Internal Medicine in Tel Aviv, Israel

Background – Where I went and why

I undertook my 5-week medical elective at the Tel-Aviv Sourasky Medical Center where I was placed in an Internal Medicine department at Ichilov General Hospital. I decided to go to Israel because I wanted to spend my elective in a high-income health care setting with working conditions similar to those that I am likely to encounter as a junior doctor.

The Tel-Aviv Sourasky Medical Center is the second largest and one of the most full-service healthcare treatment and research institutions in Israel. It serves as a national referral center for many primary and specialty care services, and features four main hospitals. Over 1.5 million patients are seen per year at the Medical Center, which employs 6400 staff. The facility also serves as the affiliate lecture and research center for both the Sackler Faculty of Medicine and the Sheinborn Nursing School of the University of Tel Aviv.

Learning Objectives – What I planned to do and what I actually did

Before leaving on elective I mapped out the aims I wanted to achieve along the General Medical Council’s Outcomes for Graduates with the view that I wanted to use it as an opportunity to prepare for the Foundation Programme. Broadly speaking, I wanted to apply the knowledge I had gained from my Pathology curriculum to the process of diagnosis and management required in clinical practice, learn to function more autonomously in an unfamiliar environment, and improve my communication skills with patients and colleagues from different backgrounds.

The Internal Medicine ward I based at was similar to a General Medicine ward in the UK and had around 40 patients. Most of them had come through the hospital’s Emergency Department, although some had been transferred from the Intensive Care Unit or another Internal Medicine ward in the hospital. The ward’s weekly routines included a ward round on Sundays with all of the doctors and the weekend on-call person to see new admissions or more complex patients, an afternoon meeting with the Microbiology team every Wednesday, and a Radiology meeting on Thursday morning.

The doctors on my ward were split into a red and a blue team. Within each team, the doctors would then divide up the patients to see amongst themselves, and if a doctor had seen the patient the day before they would try to put them on their list again the following day. The idea of this system was to ensure the continuity of patient care. Each team was responsible for about 20 patients and was composed of 3 senior physicians (Consultants or Registrars) who would pair up with an Intern (FY1 equivalent). It seemed like this set-up actively tried to break down barriers between junior and senior staff, and encouraged newly qualified doctors to ask more experienced doctors for help.
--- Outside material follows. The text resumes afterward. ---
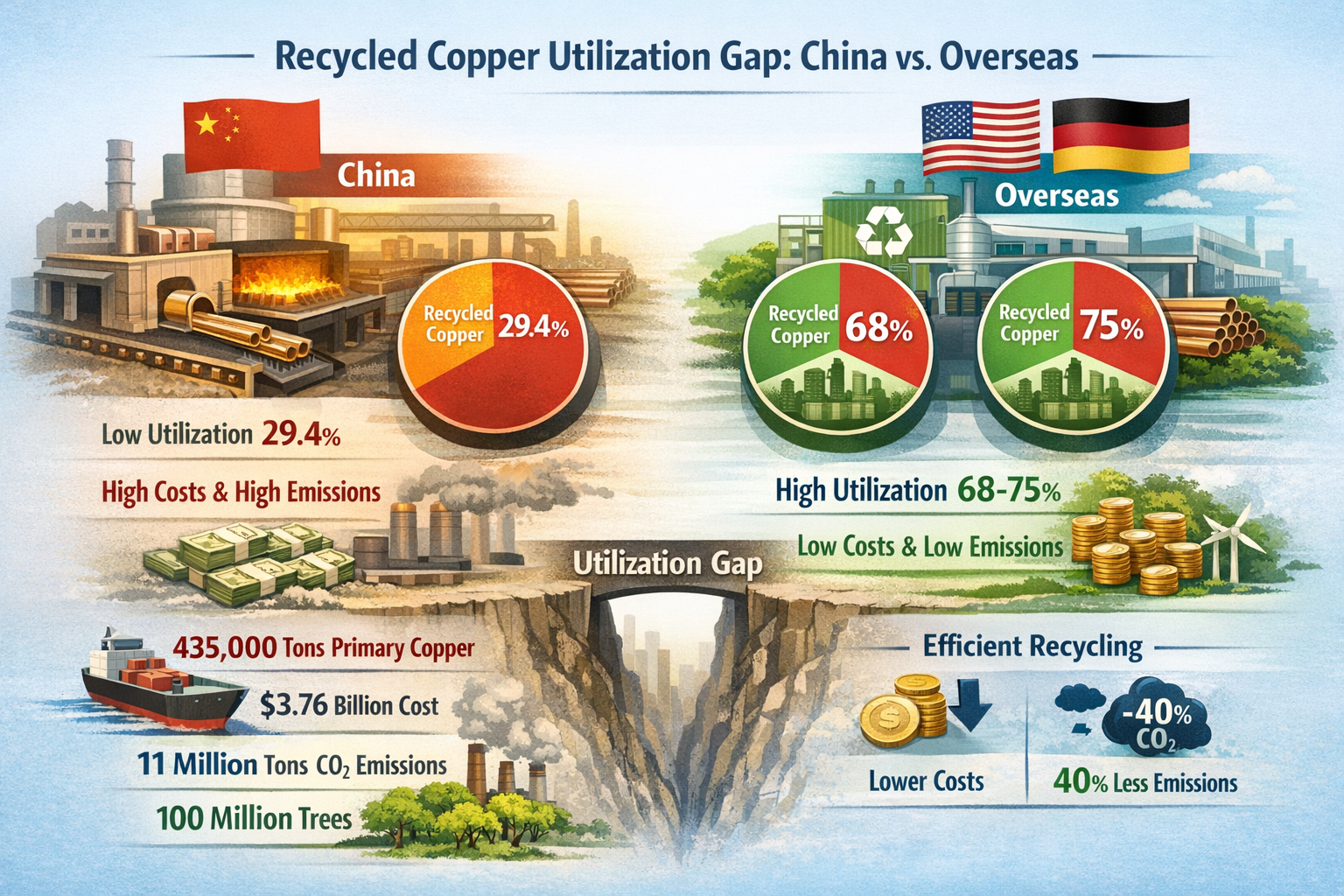 V ostrém kontrastu demonstrují zámořské společnosti vysoce účinné možnosti recyklace . Mueller Industries, přední americký výrobce měděných trubek, se může pochlubit mírou využití recyklované mědi ve výši 68 %. jejich budova a vzduch klimatizace měděné trubky jsou primárně vyrobeny z recyklované mědi a díky přesné optimalizaci procesu a kontrole složení je kvalita produktu k nerozeznání od produktů vyrobených z čisté mědi. Německá skupina KME dále zvýšila míru využití recyklované mědi na 75 %, přičemž využívá sofistikovaný evropský systém třídění a recyklace měděného odpadu k dosažení uzavřeného cyklu „ recyklace šrotu mědi – přesné třídění – tavení a rafinace – výroba měděných trubek ." To vede k výrobním nákladům na tunu měděných trubek, které jsou o 1800–2200 juanů nižší než u čínských společností, a k intenzitě emisí uhlíku, která je pouze 40 % v porovnání s čínskými společnostmi.

In the morning, I would arrive at my ward for 8.30 or 9.00am to join a Consultant and an Intern on their ward round. We usually saw between 6 and 8 patients together. The patient consultation and most of the patient notes and reports on the electronic system were in Hebrew, but somebody would always talk me through the key lab results and the important points in the patient’s history. I was then asked to examine the patient and document my findings. I would also be asked questions related to the patient’s conditions. Were there any further investigations I wanted to order? Would I start/stop any medications? Should the patient be seen by any of the specialists?

It took me a while to become familiar with patients’ medications, as Israeli doctors tend to favour using brand names over the generic nomenclature. The protocols on best practice and management for a given condition also differed. In the UK, the NICE guidelines tend to be used whereas in Israel doctors often referred to the UpToDate database to inform their clinical decisions.

Evaluation – What experience I gained from my elective

Overall, the patient population I encountered during my time in Israel was similar to the UK but I felt that on a day-to-day basis I saw a higher number of patients with more severe complications, such as hepatic encephalopathy due to advanced liver cirrhosis or a bloody pleural effusion secondary to widely disseminated breast cancer. One of the rooms on the ward served as a High Dependency Unit and mostly had patients who were intubated or had a tracheostomy. Thus, I had the opportunity to learn about what support these patients needed and the different types of ventilators that were used.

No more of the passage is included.